The video garnered a generally positive reception by reviewers. Keenan Higgins from Vibe magazine wrote that the clip felt like a celebration of the success of the Two Eleven album and commented "it's definitely great to see Brandy back at it, and killing it like it's 1998 all over again." Melinda Newman, writing for HitFix, found that Norwood was bringing it "old school with the new video." Though she questioned why "there's no room in the video for anything other than Brandy's legs", she declared it as "sexy without ever crossing a line." Sam Lansky of Idolator remarked that Norwood was "keeping it simple in the video," and complimented "how effectively Brandy works out that choreography: Wearing high-waisted shorts and looking like she's about 80% legs, Brandy shows she can still pop with the best of 'em. It's clean and elegant.
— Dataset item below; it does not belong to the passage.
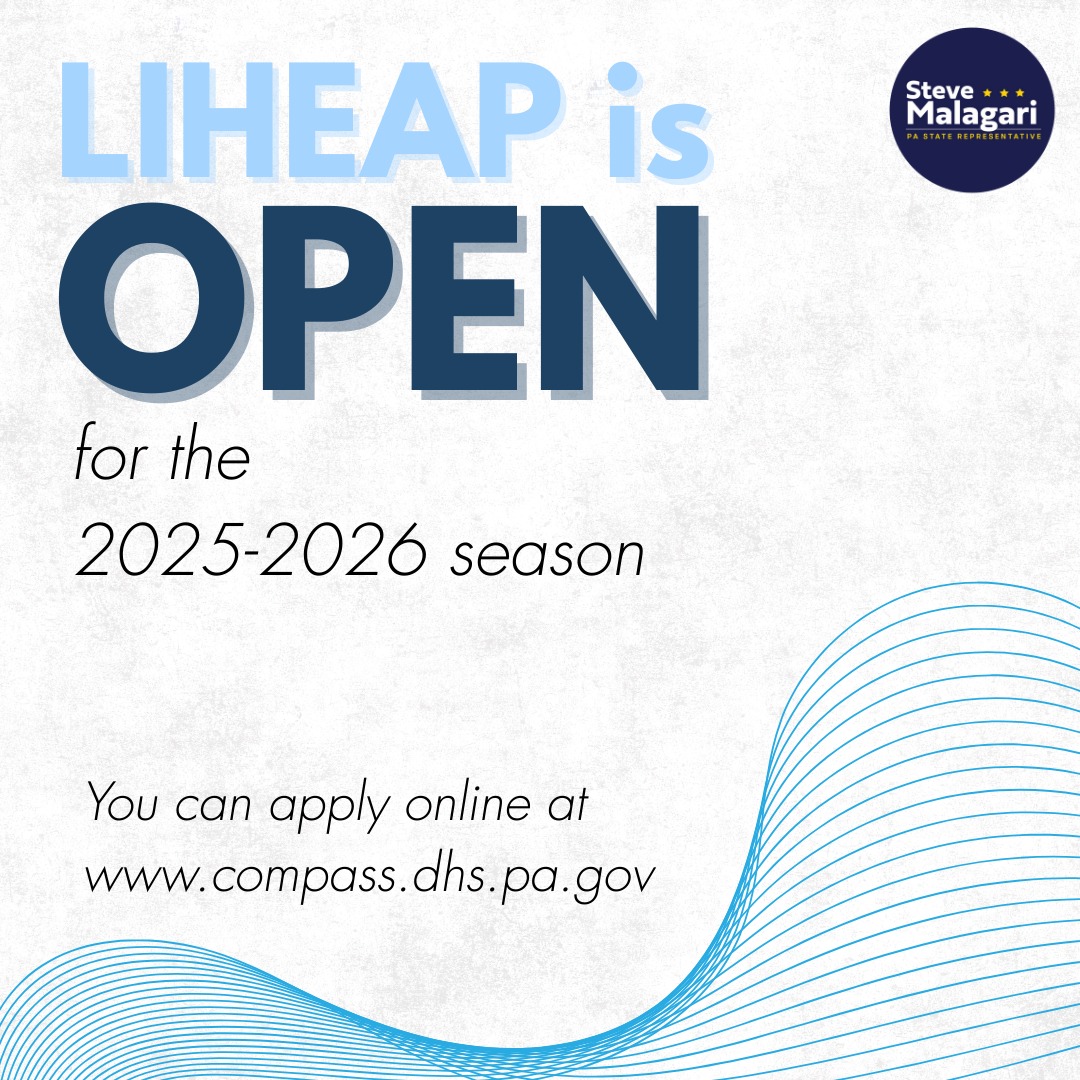 Applications are now available for LIHEAP, the program that helps Pennsylvanians to heat their homes during the colder seasons. Eligible households can receive up to $1,000 towards their utility bill, depending on one’s income and heating type. You can apply online through COMPASS or get help applying at my office through the end of the season on April 10th, 2026.

Even with crazy competition, Brandy still does R&B better than the rest." Juicy magazine writer Shirea L. Carroll stated the clip was "filled with Beyoncé-esque choreography," which was proving that Norwood "knows how to make 90s R&B current." Blogging website Perezhilton.com called the video "dandy and will make you do the opposite facial expression of the frowny."

== Credits and personnel ==
Credits adapted from the liner notes of Two Eleven.

- Tha Bizeness – production
- Sean Garrett – production, writing
- Conrad Golding – recording
- Trehy Harris – mixing assistance
- Justin Henderson – writing
- Jaycen Joshuaby – mixing
- Dave Kutch – mastering
- Mike "Snotty" Miller – recording
- Brandy Norwood – vocals
- Christoper Whitacre – writing

== Charts ==
The song debuted on the US Billboard Hot R&B/Hip Hop Songs chart at number 93 during the week of September 21, 2012. It peaked at number 68 during the week of October 13, 2012.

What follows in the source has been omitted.